New Technology for Action Recognition Through Walls & Occlusions

The use of neural networks is becoming more common in various fields of human activity. Developers from the Massachusetts Institute of Technology are planning to use the capabilities of artificial intelligence for surveillance systems that are capable of recognizing the actions of a person behind an impenetrable obstacle, for example, behind a wall, by video recording and by scanning radio waves.

The algorithm presented by scientists has two blocks. The initial data comes from a video camera or a radio scanner to a neural network, where an animated skeletal three-dimensional model of a human body is created. Further, in the second module, the program analyzes and recognizes the most common human movements: talking on the phone, shaking hands, patting on the shoulder or exchanging objects.

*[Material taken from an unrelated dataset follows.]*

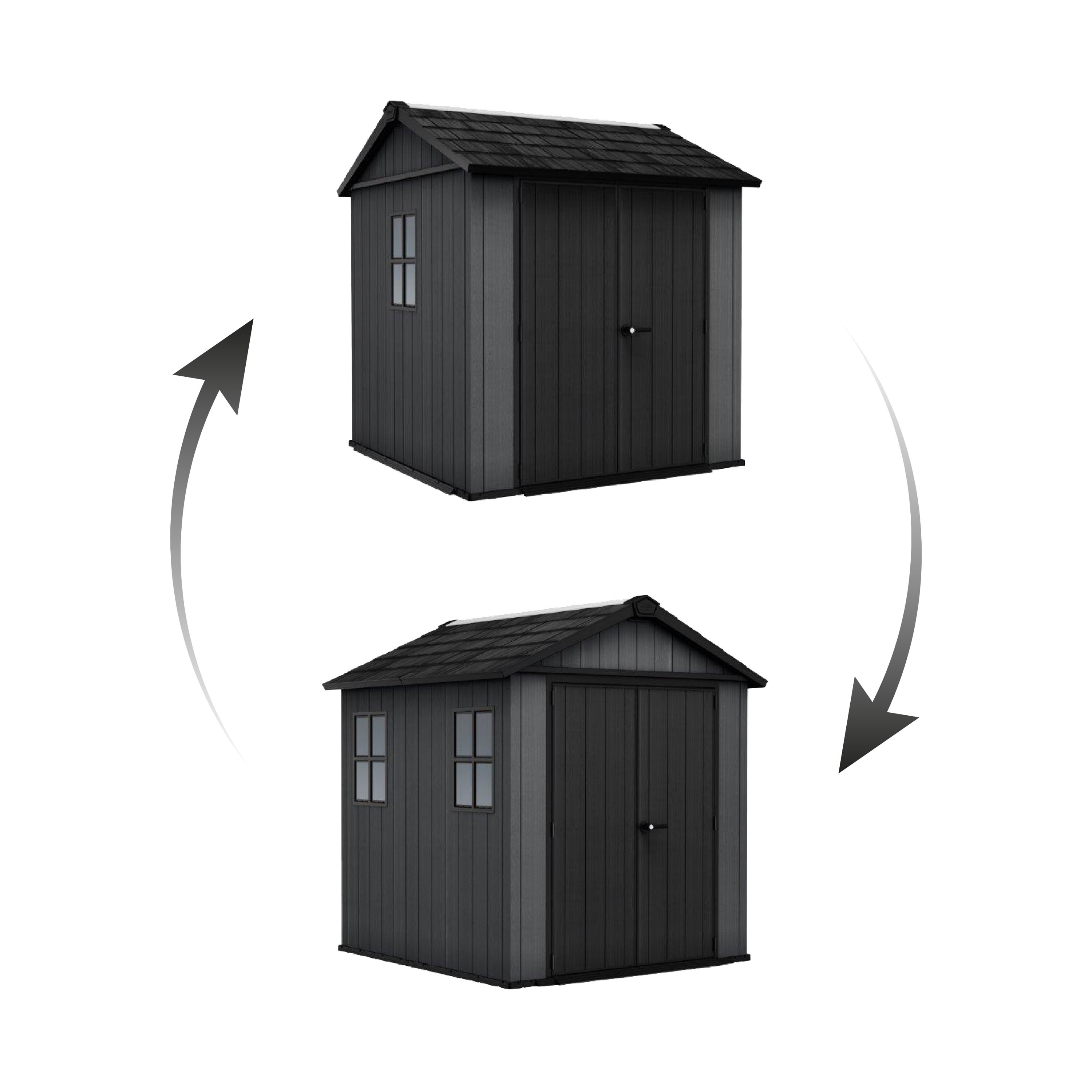 : KeterZáhradný domček na skladovanie záhradného, ??dielenského náčinia a ďalšieho vybavenia, 2 možnosti zostavenia, 2,3 x 2,46 x 2,24 m, sedlová strecha a podlahový panel pre zaťaženie až 150 kg/m2, dvojité steny, okienka. Materiál Evotech. Tmavosivá farba.

When processing, the data received from the video camera, the open AlphaPose algorithm and a program that transforms flat skeletal models into three-dimensional ones were used. In case of poor lighting or the presence of an impenetrable obstacle for video cameras, radio scanners operating in the transmit-receive mode at a frequency of 5.4 to 7.2 GHz were used. Such transmitters are equipped with two antennas located in the vertical and horizontal direction. Using the reception of reflected signals, the algorithm generates three-dimensional skeleton-like models.

When training artificial intelligence, several datasets were used, which made it possible to create certain models from radio signals, and the PKU-MMD open action recognition dataset was also used.

When testing the version using radio wave scanners, the developers achieved accuracy level of 87.8% in the line of sight, which is comparable to the operation of video surveillance in normal lighting. At the same time, the radio scanner showed higher reliability than video surveillance in low light. Meanwhile, when observing with a scanner through a wall, the accuracy slightly decreased and amounted to 83%.

Such a surveillance system can be effectively used in smart home control systems, where some owners do not want to install cameras for the protection of personal space.